Comme si parler à l'un des plus grands juristes du monde n'était pas assez intimidant, avant notre entretien, j'apprends que Geoffrey Robertson KC porte également le titre de Maître du Temple du Milieu.
« Ne vous inquiétez pas, ce n'est pas une position médiévale », m'assure-t-il. Le titre fait référence aux Doughty Street Chambers, au centre de Londres, dont Robertson est fondateur et co-dirigeant. Le bâtiment était autrefois le siège des Templiers au XIIIe siècle. « Cela ne me donne aucune compétence semblable à celle d'Harry Potter », ajoute Robertson. « Même si je pense que notre salle a été utilisée pour les films Harry Potter. »

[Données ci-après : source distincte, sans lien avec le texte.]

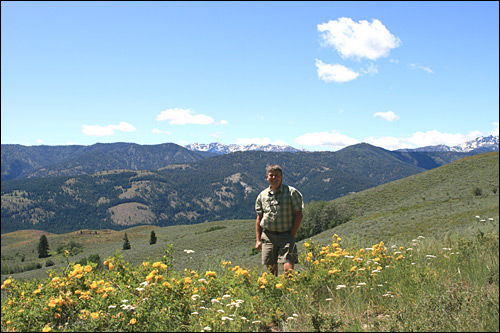 | Jason Paulsen, executive director of the Methow Conservancy, at the organization's 237-acre Owl Peak property up the Rendezvous, which is on the market for $950,000.

Robertson a grandi à Sydney et a déménagé en Angleterre après avoir remporté une bourse Rhodes pour étudier le droit. Il avait prévu de revenir, jusqu'à ce qu'on lui confie une mission de défense juridique de l'expatrié australien Richard Neville, éditeur du magazine satirique underground , qui a été accusé de « complot en vue de corrompre la moralité publique » après avoir publié une caricature de Rupert l'ours dans un contexte sexuel. position explicite. Bien que cette défense ait échoué, Robertson a décidé de rester en Angleterre et a été admis au barreau en 1973.
L'une des premières affaires de Robertson fut le procès pour obscénité des trois rédacteurs du magazine controversé.Crédit: Presse unie internationale
À la fin des années 70, il se spécialisait dans les droits de l'homme et a défendu des affaires marquantes dans les domaines des médias, du droit constitutionnel et pénal devant la Cour européenne de justice, la Cour européenne des droits de l'homme, la Cour suprême, le tribunal des crimes de guerre de l'ONU et d'autres. Il a participé aux poursuites contre les dictateurs Augusto Pinochet et Hastings Banda, ainsi qu'à la défense du président brésilien Luiz Inacio Lula da Silva pour corruption, ainsi que de Julian Assange (qui s'est brièvement enfermé dans son grenier).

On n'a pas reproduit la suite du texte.